Note: The format for equation and definition is debatable.

A compound has the form:

{
    "id": "cpd00113_c0”,
    "name": "Isopentenyldiphosphate",
    "formula": "C5H10O7P2",
    "charge": -2,
}

A gene has the form:

{
    "id": "fig|29459.15.peg.1915”,
    "rxns": [“rxn12008_c0”, … ,“rxn03892_c0" ]
}

A compartment has the form:

{
    "id": "c0",
    "name": "Cytosol",
    "pH": 7,
    "potential": 0
}

And, biomass:

{
    "id": "bio1",
    "cpdID": "cpd00084_c0",
    "name": "L-Cysteine",
    "coefficient": -0.0569540049395353,
    "compartment": "c0"
}
nconrad commented 9 years ago

I added GPR to the reaction object.

mmundy42 commented 9 years ago

I’m not sure how practical this is but could you use SOLR for retrieving the details on reactions, compounds, and biomass.
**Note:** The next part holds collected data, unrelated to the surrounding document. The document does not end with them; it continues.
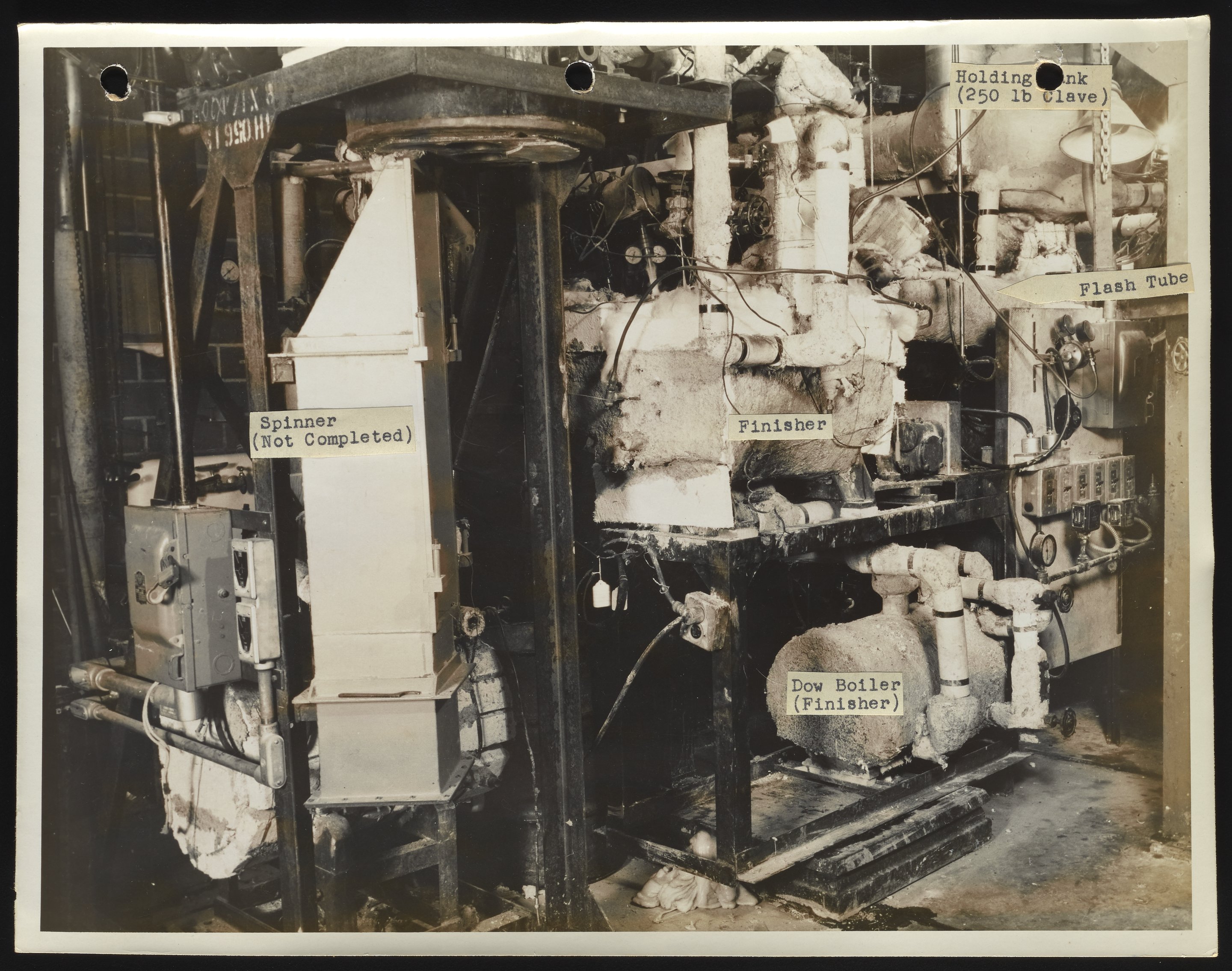 General view of component parts, including a holding tank, flash tube, spinner, and finisher, of a continuous polymerizer used during the early stages of synthetic fiber production and research at DuPont.
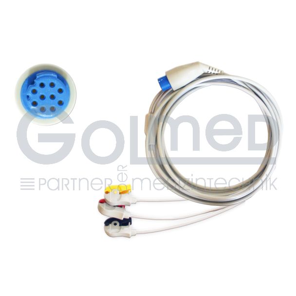 3-adriges EKG-Komplettkabel mit Klammern - zu GE Datex-Ohmeda
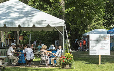 Our Concessions Tent offers a variety of delicious, organic, and locally sourced meals, snacks, and beverages provided by Great Performances. You will find a wide range of seasonal sandwiches, salads, snacks, desserts, pre-packaged cocktails, wine, beer, water, lemonade, coffee, iced tea, and more.
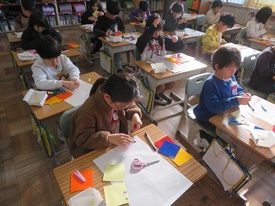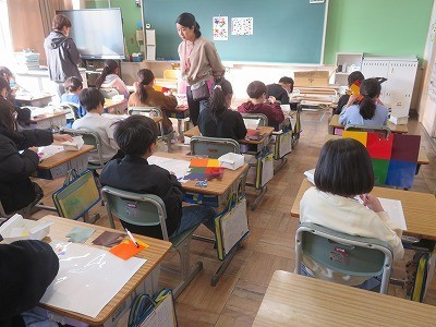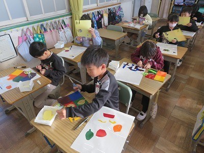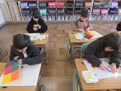 光を通す材料を組み合わせて、色の変化を工夫しながら、作品作りをしていきます。
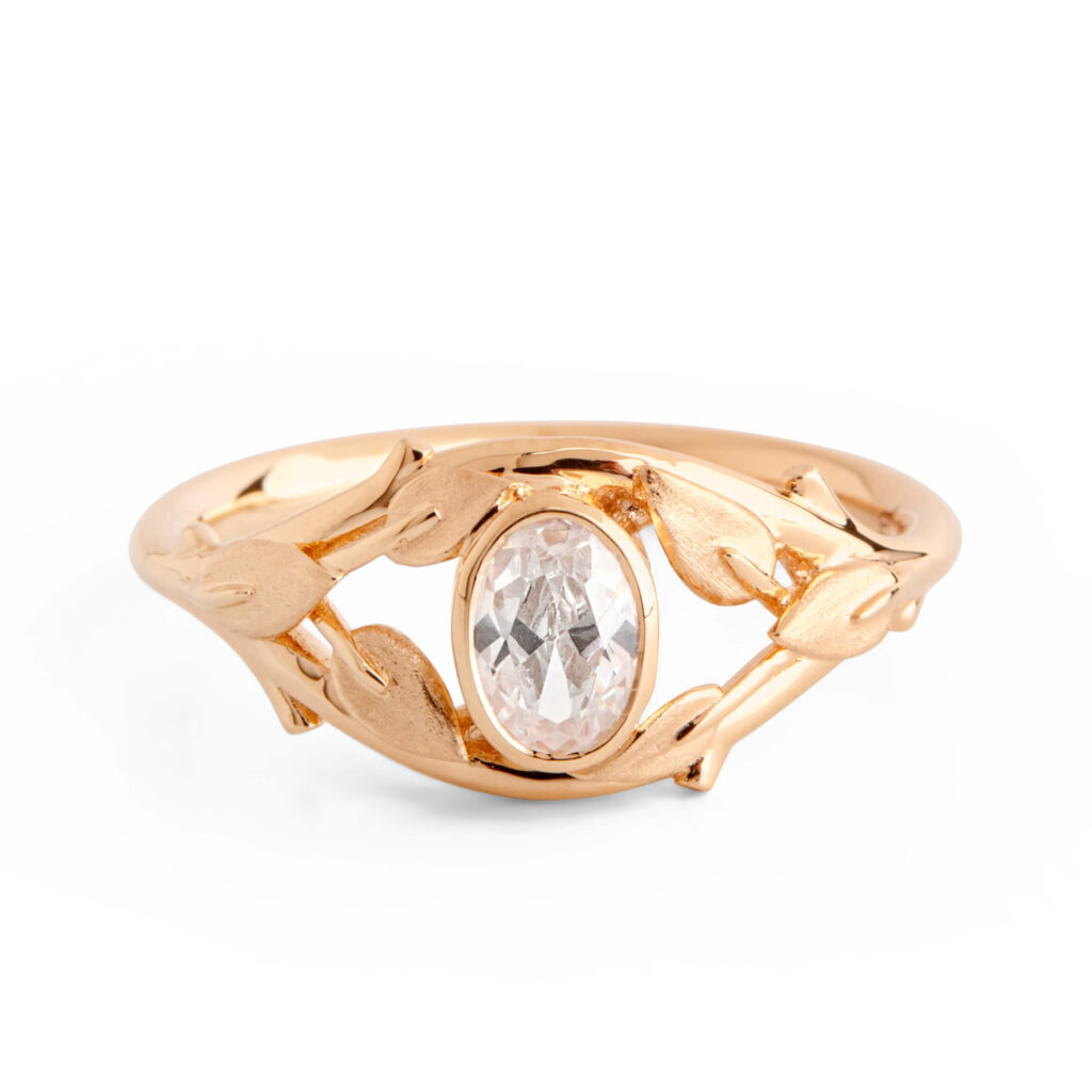 Twig and Leaf Oval Moissanite Engagement Ring

Then all that would need to be returned is the id for compounds, the id and gene list for reactions, and the id and coefficient for biomass.

nconrad commented 9 years ago

I think the issue with that is that there is information specific to the model, such as compartments, directionality of the reactions, custom biomass(?), and, in particular, custom reactions (and their ids, names, etc)? I'm all for improving the backend by handling this data in some other manner.

For example, one option may be to only have ids, compartments(?), directionality, and whatever else is needed as part of a user's model. This would require custom things (reactions) to be pushed to solr when a custom reaction is created. Not sure if that is feasible or not, or the right solution.

@cshenry may have other plans to put models entirely in SOLR, I'm not sure.

Either option is fine with me... I just think we should try to get logic for constructing GPRs, equations, etc, out of client side code and reduce the amount of data sent to the client. Related, https://github.com/PATRIC3/Workspace/issues/31

mmundy42 commented 9 years ago

Good point on custom reactions, although there currently is no way to import a model from another source so I'm not sure how you could get a custom reaction into a model.

For reaction directionality, that is only changed by gap filling. Which brings up the bigger issue of how gap filled reactions are handled. When you retrieve a model object directly from the workspace, you are getting the base model and the gap filled reactions are in the separate gapfill object. When the model service retrieves a model, gapfill objects that are marked as integrated are merged into the model. How are you going to identify gap filled reactions? Will they be in the list on the reactions tab or only in the gapfill tab?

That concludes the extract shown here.